But they are space-like, so there is a frame in which they are simultaneous (or in which Bob measures first).

 

[stevendaryl]

But they are space-like, so there is a frame in which they are simultaneous (or in which Bob measures first).

I'm talking about the case in which Alice measures her spin well before Bob measures his. As I said, Bob can wait years before measuring his particle's spin, and it makes no difference. It doesn't make any difference whether the interaction is spacelike or not. The purpose of choosing a spacelike interval is to rule out a slower-than-light hidden-variables explanation.

 

[Demystifier]

Of course, why not?

Because of the Kochen-Specker theorem. More precisely, if you believe that the particle has both z-spin value and x-spin value, and that it is the value that would be determined by an appropriately oriented SG apparatus, then the Kochen-Specker theorem proves that you are wrong.
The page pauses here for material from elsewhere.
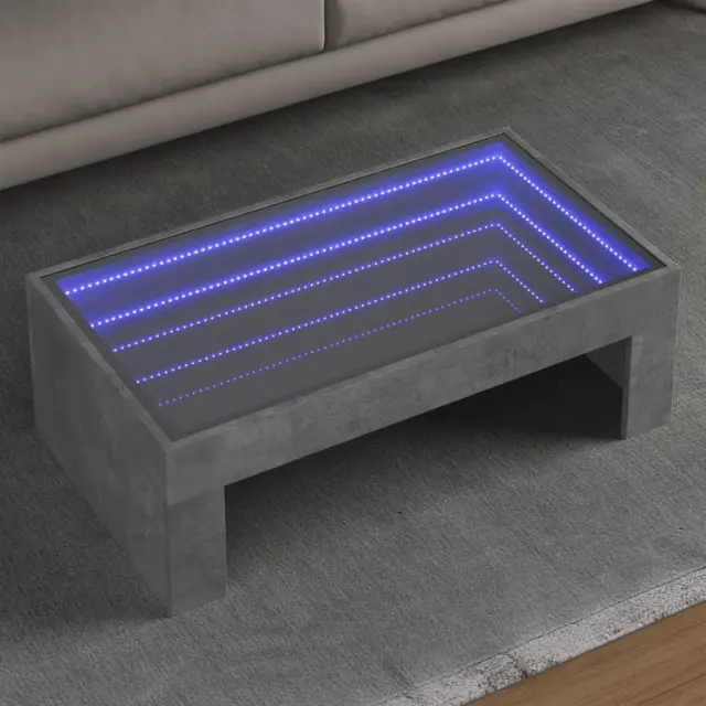 Edinstvena klubska mizica z neskončnim LED ogledalom je primerna za različne prostore. Stabilen in trpežen material: Inženirski les je trpežen in stabilen material z gladko površino, ki je odporen na vlago, krivljenje in cepljenje, zato je zanesljiva izbira za različne projekte.RGB LED lučke za prijeten ambient: Ta mizica je opremljena z LED lučkami, ki jih je mogoče preprosto prilagoditi in tako ustvariti prilagojeno svetlobno predstavo. Prilagodite lahko načine, barve in svetlost ter tako izboljšate vzdušje v notranjem prostoru.Močna površina: Močna površina mize za dnevno sobo je idealna za odlaganje pijače, hrane in drugih okrasnih predmetov.Večnamenska uporaba: Ta klubska mizica je primerna za več namenov. V dnevni sobi ali spalnici lahko služi kot stranska mizica, odstavna mizica ali mizica za ob kavč ter ustreza vašim posebnim potrebam. Dobro je vedeti:Izdelek ima priključek USB, ki zahteva certificiran vir napajanja 5 V USB (ni priložen).Barva: Betonsko sivaMaterial: Inženirski les, stekloDimenzije: 90 x 50 x 30 cm (D x Š x V)Največja nosilnost (skupaj): 30 kgNajvečja nosilnost (zgornji del ogledala): 5 kgNajvečja nosilnost (laminat): 20 kgZ LED lučkamiPotrebno sestavljanje: Da 847619

The Kochen-Specker theorem is an important step towards the correct understanding of the Bell theorem, as explained e.g. in the Ballentine's book Sec. 20.6. Apparently you miss this important step, which can explain why you don't understand why many people think that QM is either non-local or non-ontological. You think that QM is both local and ontological, and now it seems that it can be boiled down to your lack of understanding of the Kochen-Specker theorem.

 

[vanhees71]

I did NOT say that I believe that the particle has both determined spin-z and spin-x value. This is in clear contradiction to standard QT! You said you've prepared the particle's spin in the state $|\sigma_z=1 \rangle \langle \sigma_z=1|$. This implies that the value of the spin-z component is 1, while the value of the spin-x component is indetermined. Of course all the three spin components always exist according to QT, because spin is an observable (in non-relativistic QT). This does not imply that all their values are always determined. As you example shows that depends on the state, and your choice implies that $\sigma_z=1$ is determined, while the other two spin components are not determined, but their measurement leads a random result with probabilities predicted by QT (I'm to lazy to evaluate them know):
$$P_x(\sigma_x)=|\langle \sigma_x|\sigma_z=1 \rangle|^2, \quad \sigma_x \in \{-1,0,1 \}.$$

 

[zonde]

Suppose we formalize the measuring device as a quantum system with states |\Phi_j\rangle plus a special, neutral state |\Phi_{\emptyset}\rangle. Then we assume that the usual rules for state evolution (the Schrodinger equation) results in the following transitions:

|\psi_j\rangle \otimes |\Phi_{\emptyset}\rangle \Longrightarrow |\Phi_j\rangle

(I haven't written the right-hand side as a product state, because many measurements are destructive, such as detecting a photon, so the final state no longer has a component corresponding to the subsystem being measured.)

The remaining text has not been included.